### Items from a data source
_____
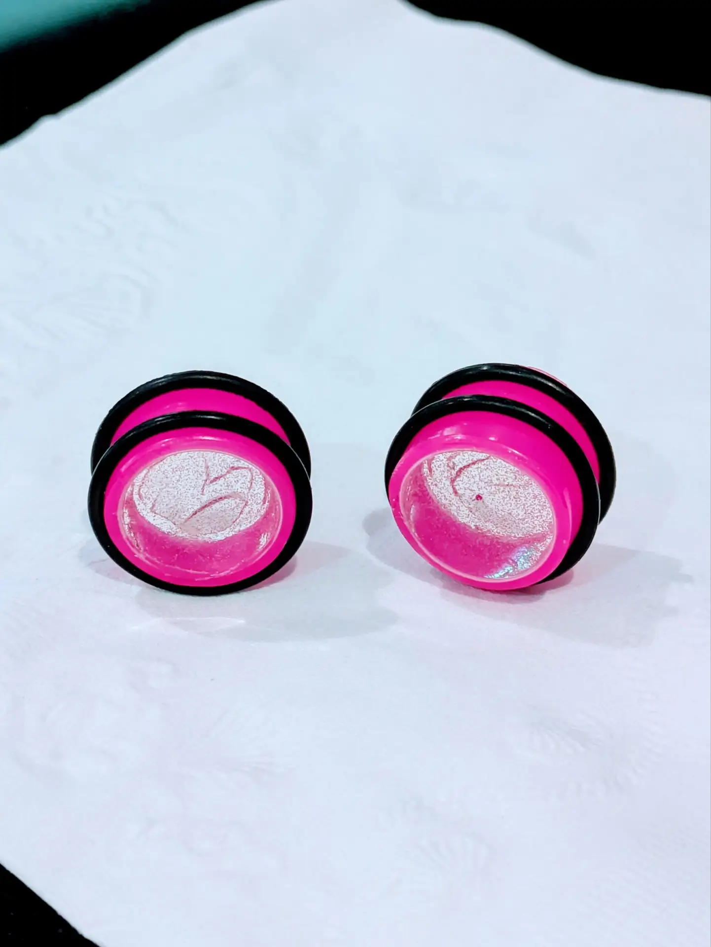 Handmade and one of a kind resin gauges for stretched ears made with Up-Cycled UV & Metallic Polypro Shavings from our Hoops!
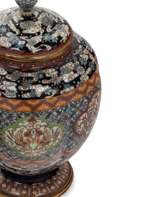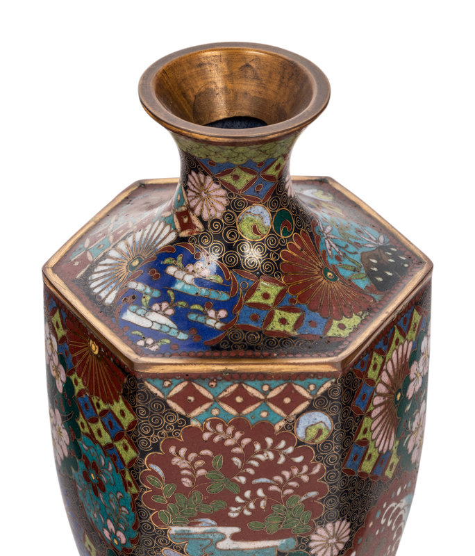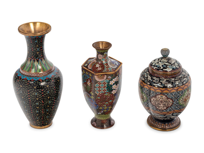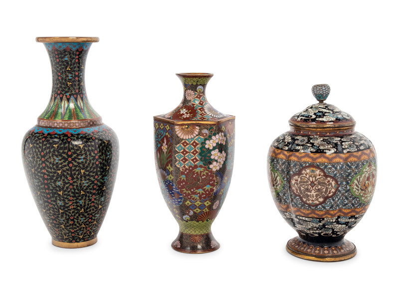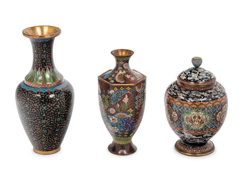 the first a bottle vase, the second a hexagonal vase and the third a covered vase, each with floral decoration.
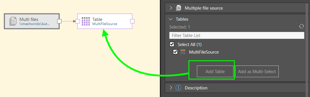 Finally, the table is connected to the data flow using the Add Table function from the Tables window:
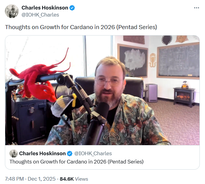 查尔斯·霍斯金森在近期社区更新中阐述了2026年发展路线图,提出由卡尔达诺基金会、Emurgo、Input Output、Midnight基金会及Intersect五大组织协同推进的战略规划。
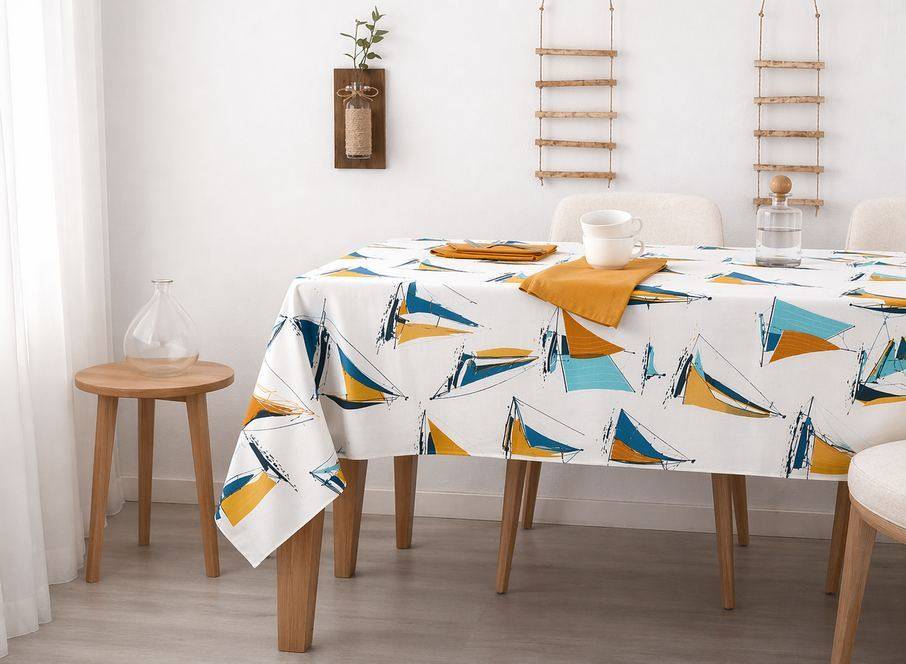 Vendita online tessuti arredo casa per tovaglie tessuto tovaglia misto lino fantasia vele - Tessuti & Stoffe
_____
### Task to complete
Please transcribe exactly the lines from the one containing "查尔斯·霍斯金森在近期社区更" through the final line of the data, including both, and nothing else. Pictures are to be left out.

### Answer
 查尔斯·霍斯金森在近期社区更新中阐述了2026年发展路线图,提出由卡尔达诺基金会、Emurgo、Input Output、Midnight基金会及Intersect五大组织协同推进的战略规划。
 Vendita online tessuti arredo casa per tovaglie tessuto tovaglia misto lino fantasia vele - Tessuti & Stoffe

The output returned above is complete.